[Start of section]

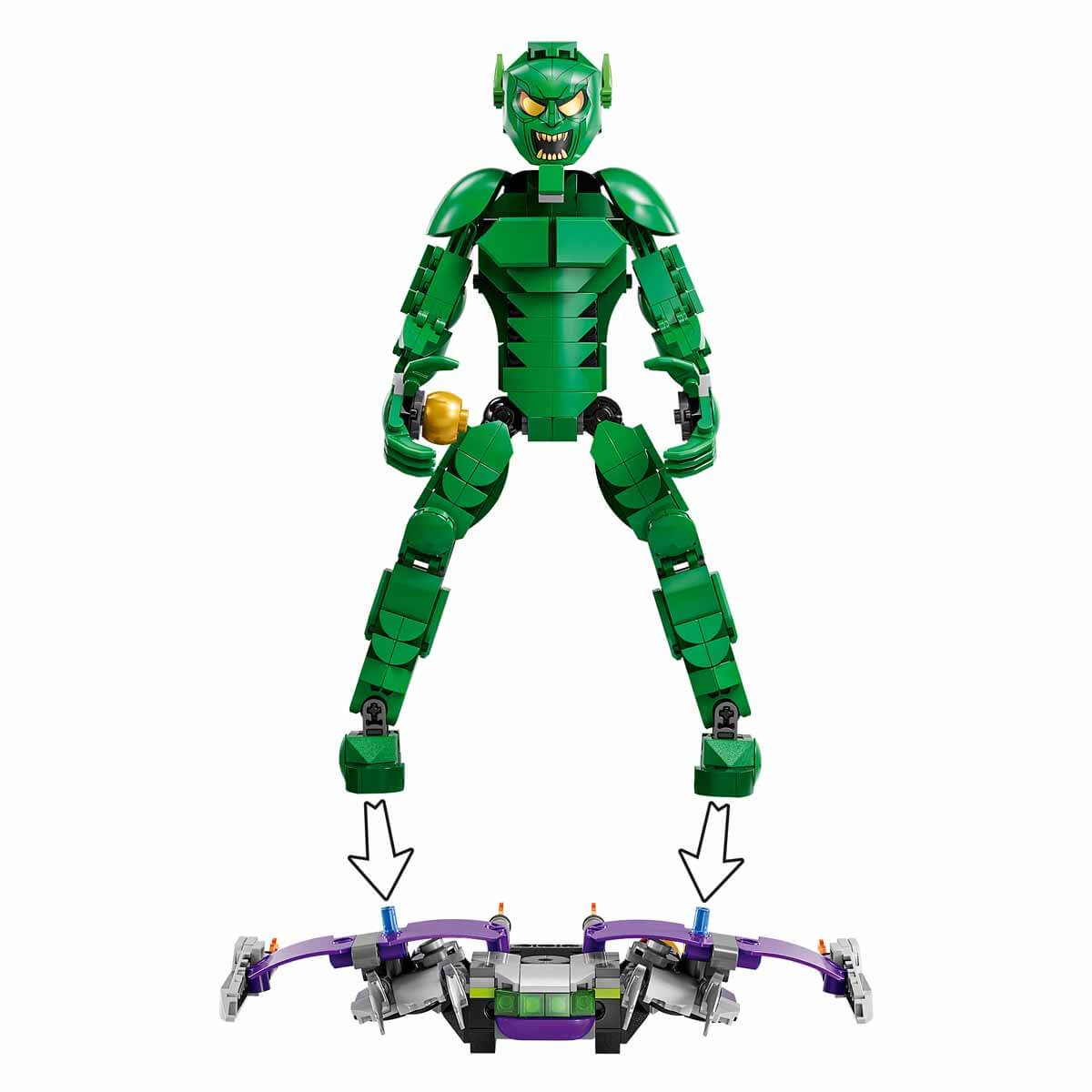 karakteri yapım oyuncağı olan hareketli LEGO Marvel Green Goblin Yapım Figürü
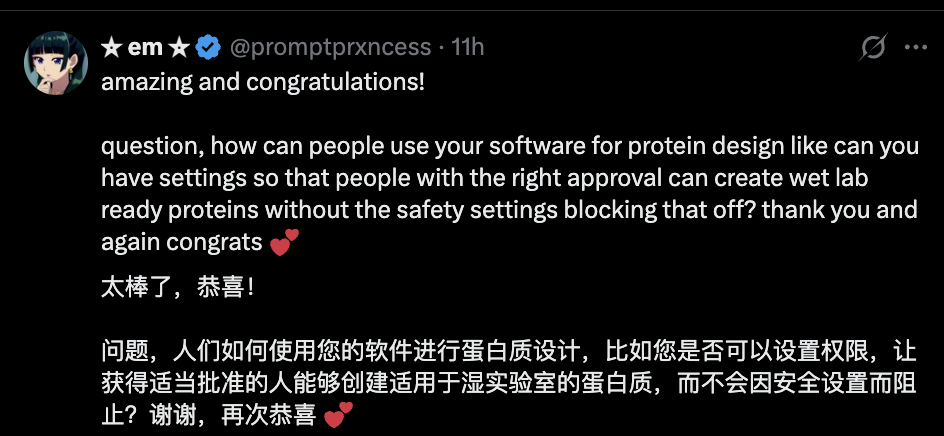 还有网友表示出了自己的独特想法,想让获得批准的人能够创建出适合湿实验室的蛋白质,而不受安全限制的影响。
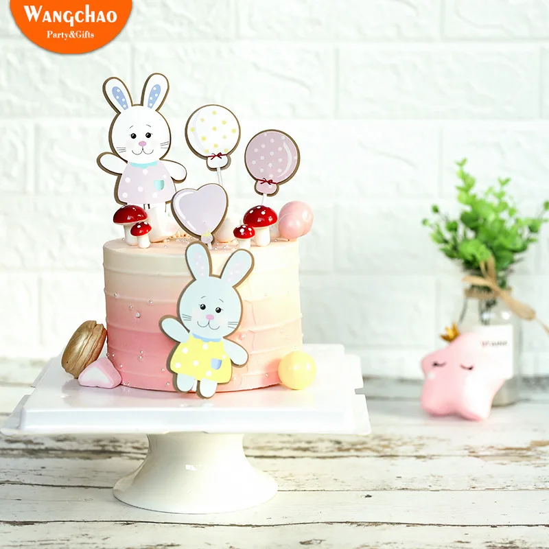 Double Layers Cute Bunny Balloon Party Cake Topper Kawaii Rabbit Child Happy Birthday Cake Decoration Party Supplies
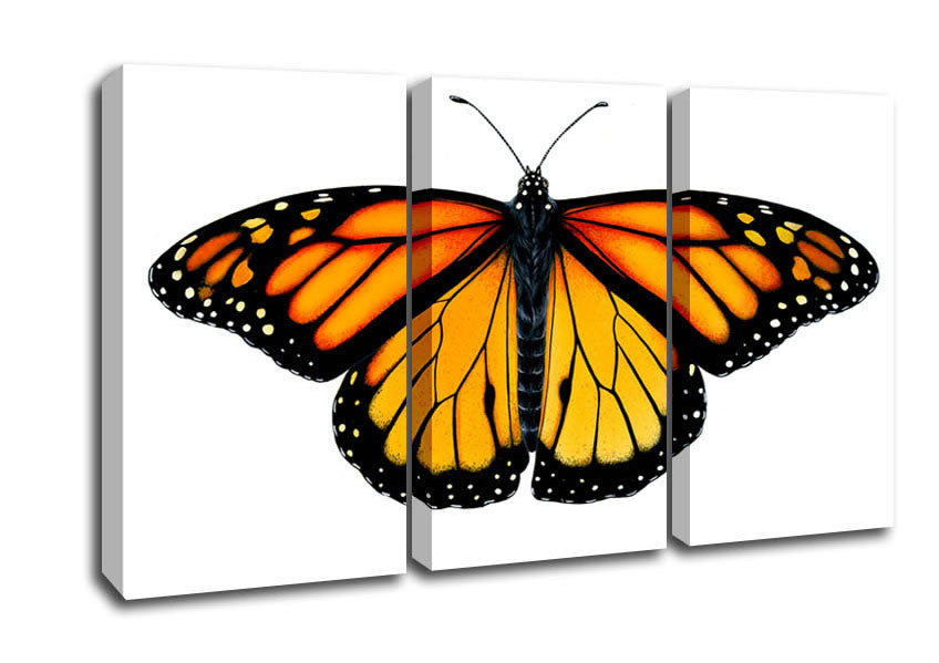 Orange Butterfly Wings 3 Panel Canvas Print handmade in the UK. Stretched over a 2 inch thick wooden box frame, ready to hang on your wall.
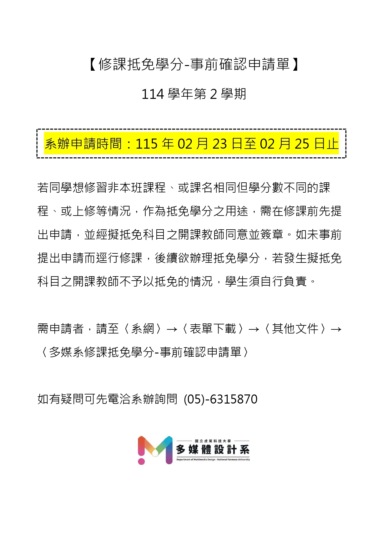 【修課抵免學分-事前確認】申請-114學年第2學期
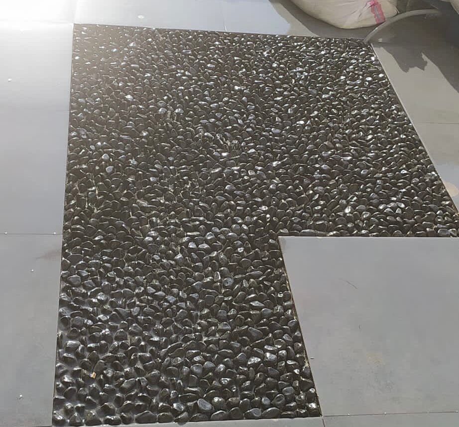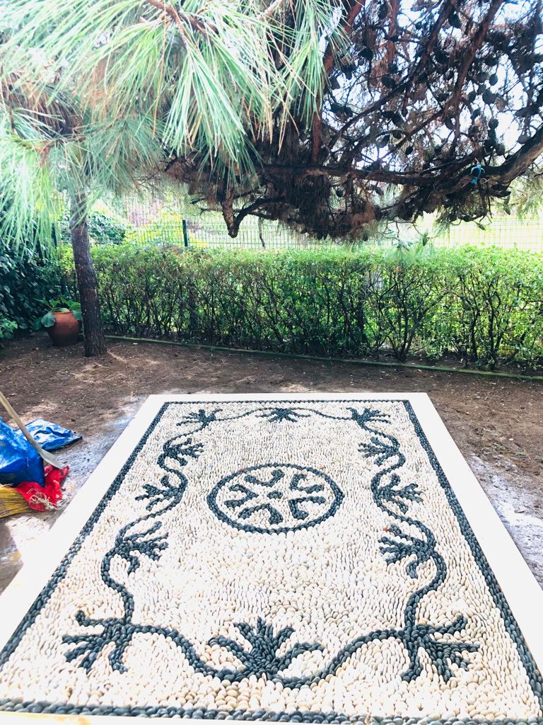 Çakıl taşlarından oluşan elle seçilmiş ve özenle ayıklanmış dekoratif doğal taş ve çakıl mozaik uygulamalar.
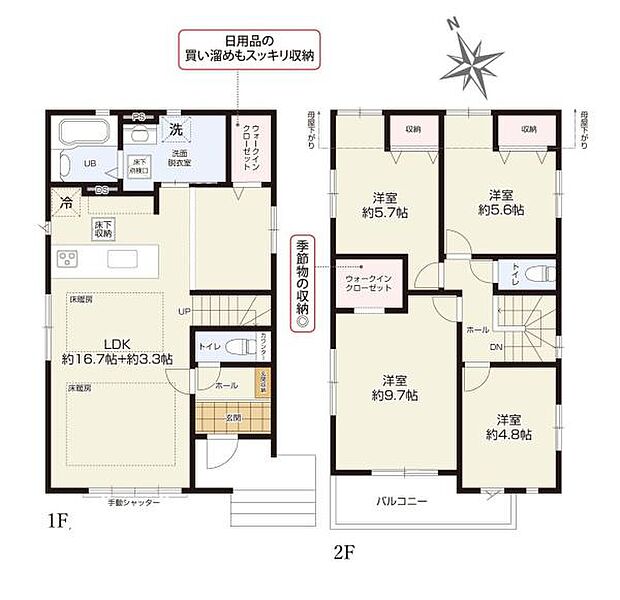 間取り内訳:リビングダイニングキッチン 20帖(1階)・洋室 9.7帖(2階)・洋室 4.8帖(2階)・洋室 5.6帖(2階)・洋室 5.7帖(2階)

[End of section]

**Work to be completed**
Repeat exactly the lines from the one containing "Çakıl taşlarından oluşan" to the last line of the records above, including both, and leave out any pictures.

**Problem solution**
 Çakıl taşlarından oluşan elle seçilmiş ve özenle ayıklanmış dekoratif doğal taş ve çakıl mozaik uygulamalar.
 間取り内訳:リビングダイニングキッチン 20帖(1階)・洋室 9.7帖(2階)・洋室 4.8帖(2階)・洋室 5.6帖(2階)・洋室 5.7帖(2階)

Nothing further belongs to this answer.